__Work task__:
Everything from the first line of the data through the line with "B 點之反力(reaction)。(25 分)" is to be echoed exactly, minus the pictures.

Information supplied: Begin

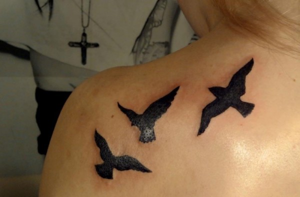 背部黑色的小鸟纹身图案
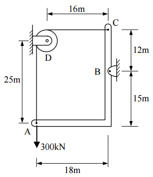 【已刪除】三、圖中 ABC 為剛性構件(rigid member),B 點為鉸支(hinge),D 點為無摩擦之滾 輪(pulley),繩索 ADC 為不可拉伸。已知滾輪半徑為 2 m,試計算繩索 ADC 之 張力與 B 點之反力(reaction)。(25 分)
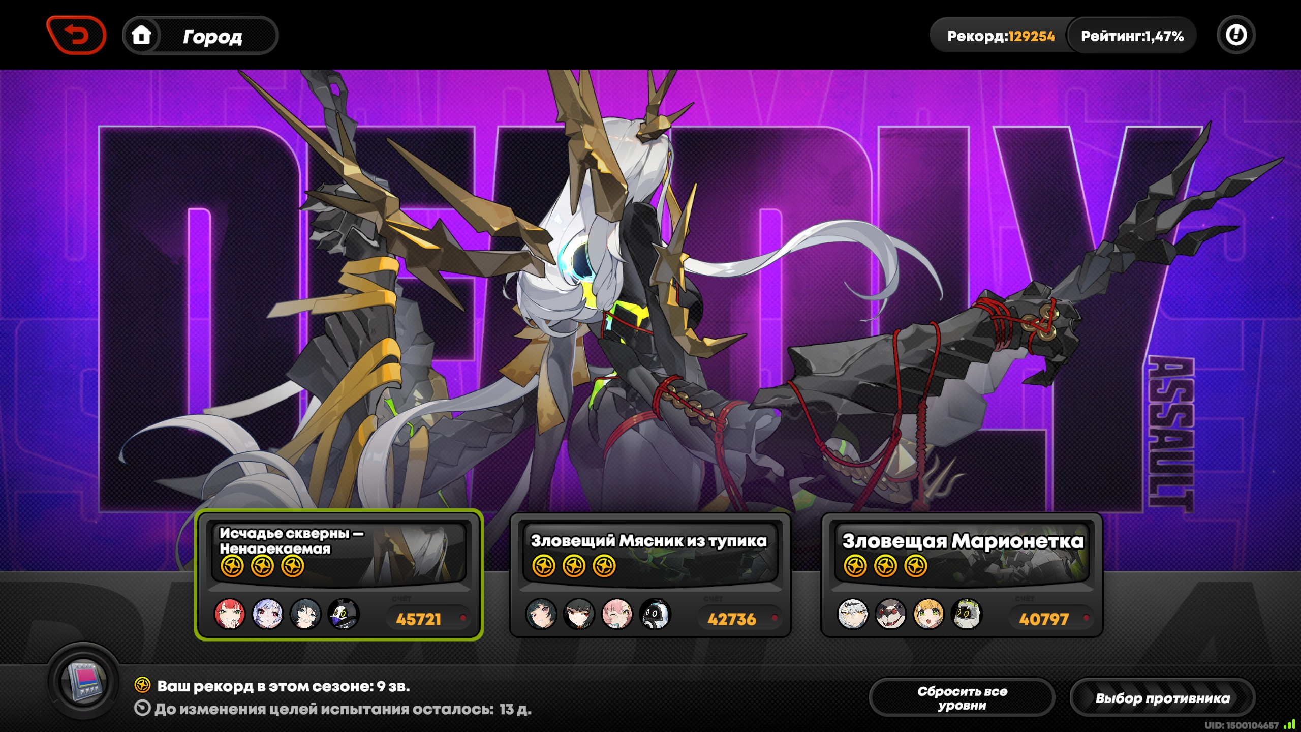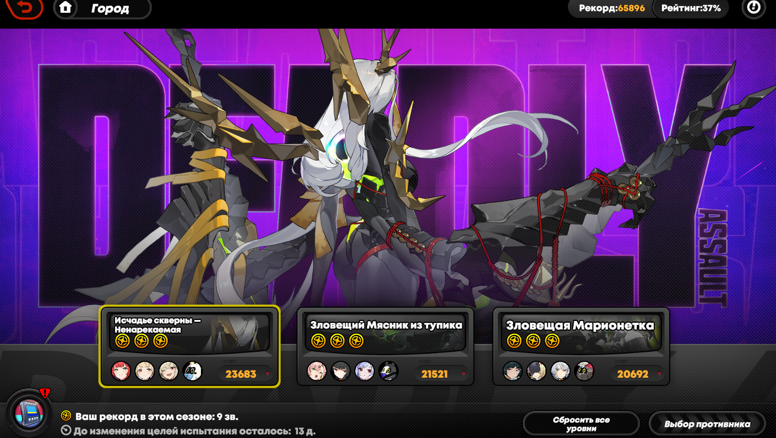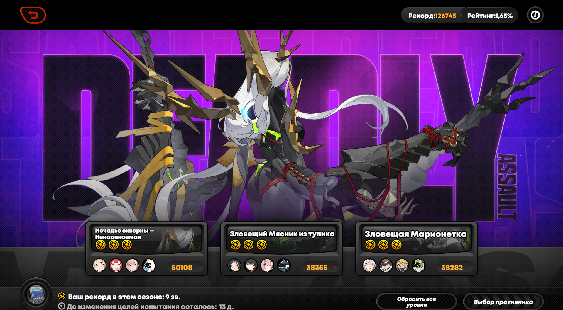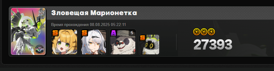 Осталось только Марионеток пройти, и всё, можно будет успокоиться на некоторое время. Думаю, буду пытаться пройти балерин с Исюань, пандой которая у меня блять не прокачана, и с пульхрой. Буду надеяться, что ~25 000 очков смогу набить.

Information supplied: End

__Task output__:
 背部黑色的小鸟纹身图案
 【已刪除】三、圖中 ABC 為剛性構件(rigid member),B 點為鉸支(hinge),D 點為無摩擦之滾 輪(pulley),繩索 ADC 為不可拉伸。已知滾輪半徑為 2 m,試計算繩索 ADC 之 張力與 B 點之反力(reaction)。(25 分)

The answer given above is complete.